- Ihavandhoo Location in Maldives
- Coordinates: 6°57′17″N 72°55′33″E﻿ / ﻿6.95472°N 72.92583°E
- Country: Maldives
- Geographic atoll: Ihavandhippolhu Atoll
- Administrative atoll: Haa Alif Atoll
- Distance to Malé: 314.08 km (195.16 mi)

Government
- • Council: Ihavandhoo Island Council

Dimensions
- • Length: 0.88 km (0.55 mi)
- • Width: 0.86 km (0.53 mi)

Population (2025)
- • Total: 3,767
- Time zone: UTC+05:00 (MST)
- Area code(s): 750, 20

= Ihavandhoo =

Ihavandhoo is an island of Ihavandhippolhu Atoll.

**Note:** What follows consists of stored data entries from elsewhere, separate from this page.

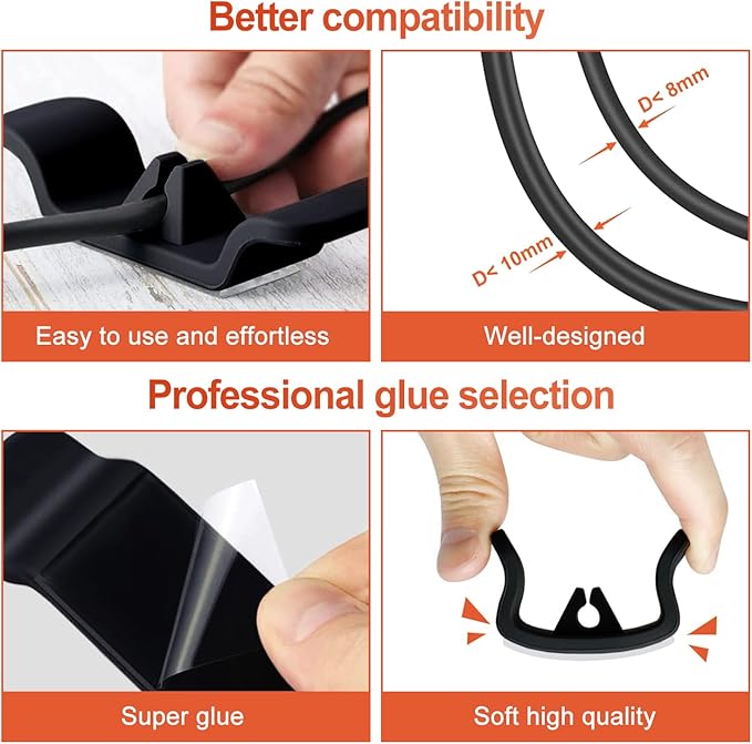 - PREMIUM MATERIAL: Each appliance cord organizer stick on is made of high quality rubber, durable and deformation resistant. The sticky adhesive pad is non-toxic, odorless, and will not leave marks on kitchen appliance surface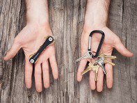 It’s called Keysmart – a minimalist key organizer that puts them into a Swiss Army Knife-like metal holder. So they don’t jangle or poke holes in my pocket or purse, and fit into tighter spots. It has a little square hook on the end so I can add it to a lanyard or to a clip in my purse, or add my car key fob. I got a blue one. I adore it!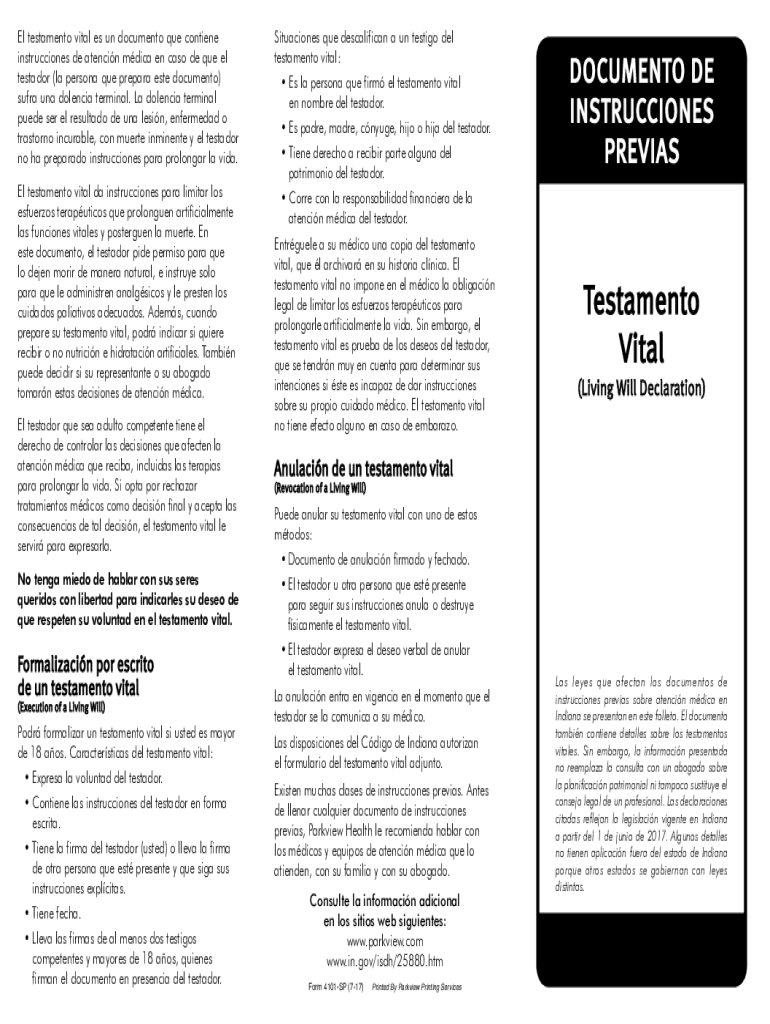 Read the provided information and instructions carefully to understand the purpose and process of the testamento vital.

It is located in the northernmost geographic atoll in the country, and is administratively part of Haa Alif Atoll. It is an Atoll-island-level administrative constituency governed by the Ihavandhoo Island Council .

==History==
The story of Mohamed Thakurufaanu (Boduthankurufaanu), the Maldivian hero who defeated the Portuguese rule in Maldives, reveals that mother of Mohamed Thakurufaanu was an Ihavandhoo lady.
The island has a mosque built by Sultan Ibrahim Muhirudheen in 1701 using brain corals. Through restorations, its origin is maintained as the mosque is the only remaining archaeological evidence in Ihavandhoo island.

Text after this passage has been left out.